Repentance is not just a part of certain believers’ testimonies, but a key component in the gospel we preach. If we filter an influx of interest in the gospel according to those who are newly awakened to the holiness of God and offensiveness of sin, we may have a better picture of where those around us are placed in terms of coming to God. This key feature of gospel preaching also puts us to the point in terms of what we declare from the pulpit, or what we presently proclaim online. Is there a call to repentance in our preaching? Is sin as sinful in our words as in the Word of God? Are we crying out to people not merely to ‘come to faith’, but to come to repentance, to own and acknowledge their peril and plight before an offended God? Are we preaching the cross not just for consolation but for conviction, that sin is so sinful that God’s Son must be our Saviour? Are we counselling those around us as God counselled Israel through Hosea that they should take with them words and acknowledge their sin (Hosea 14:2)?
If the answer to the questions above is not in the affirmative, then perhaps we need to search our souls. We could be feeding a casual ‘tick the Terms and Conditions’ approach to Christ which never lays the conscience bear, or strips out the self-defensiveness of the human heart until it experiences repenting self-reproach.

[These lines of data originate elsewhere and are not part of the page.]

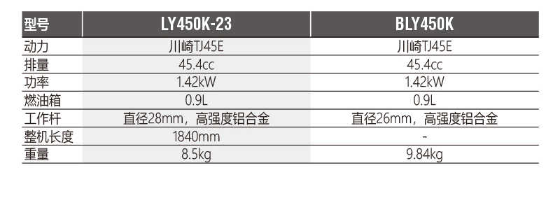 LY450K 是一款商用型割灌割草機(jī),搭載了川崎TJ45E, 45.4cc大排量發(fā)動機(jī),保證了工作的高效、快捷。
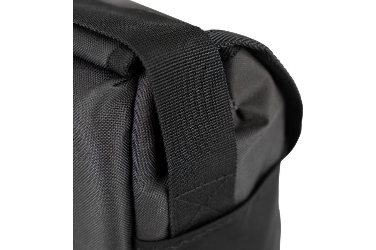 パソコン用のパッドを備え、前面には人目につかないフラップポケットなど、通勤に適しています。プラスチックボトルをリサイクルした耐久性のある生地を使用し、表面はワックスの撥水加工を施しています。シンプルなデザインながら、機能的なバッグです。
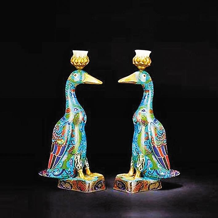 ▲清代掐絲琺瑯雁形燭臺
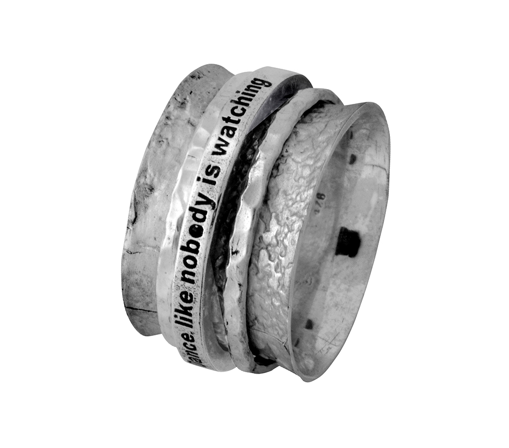 Sterling Silver Spinner Ring with the saying “Dance Like No One Is Watching”
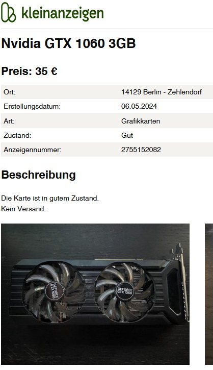 Dein Beispiel: Zustand "gut", Preis 35€. Und da gibt es zu 100% noch nen Haken.Kathdan schrieb:diese GPU bekommt man in sehr gutem Zustand schon ab 20€
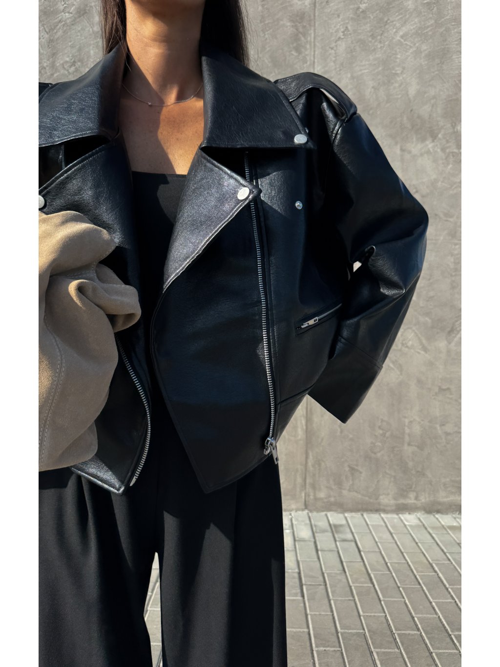 OVERSIZED KOŽENKOVÝ KŘIVÁK black
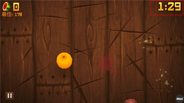 这个模式也叫时间模式或禅模式,时长为一分半钟(即90秒)。该模式里没有炸弹,水果会持续不断地出现,玩家完全依靠自身技巧来切割尽可能多的水果块。此外,屏幕左右两侧还有一定概率弹出难以切割的特殊水果。
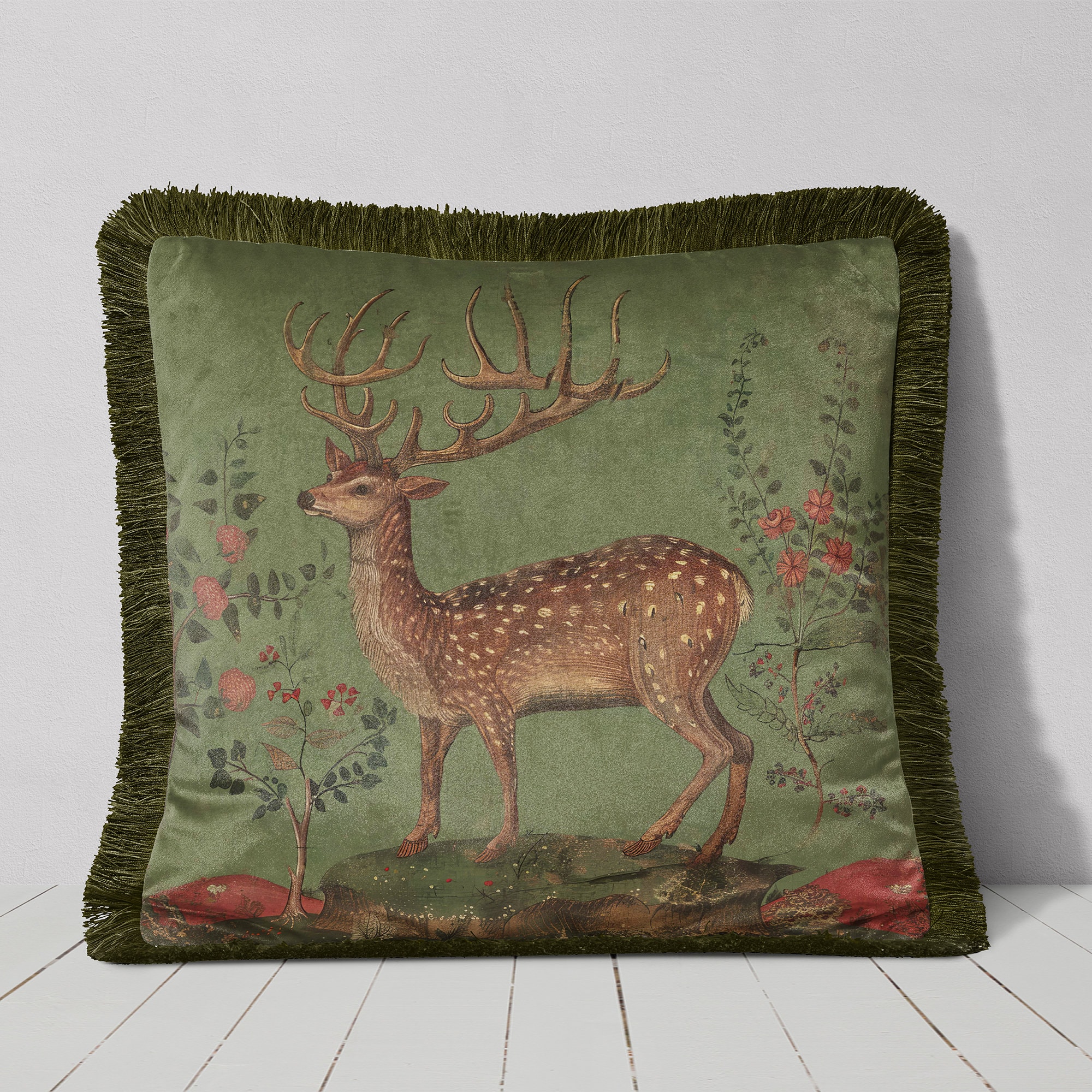 Vintage Style Floral Deer Luxury Velvet Pillow Cover With Fringe, S...

How we should pray for a great national and global turning of hearts to Christ! How we should rejoice that many are asking questions! But how we should pray and preach so that men and women would not merely approach God’s vicinity as a means of comfort, but that they would own their depravity in the light of God’s holiness and come in true repentance and faith to the only Saviour qualified to cleanse them.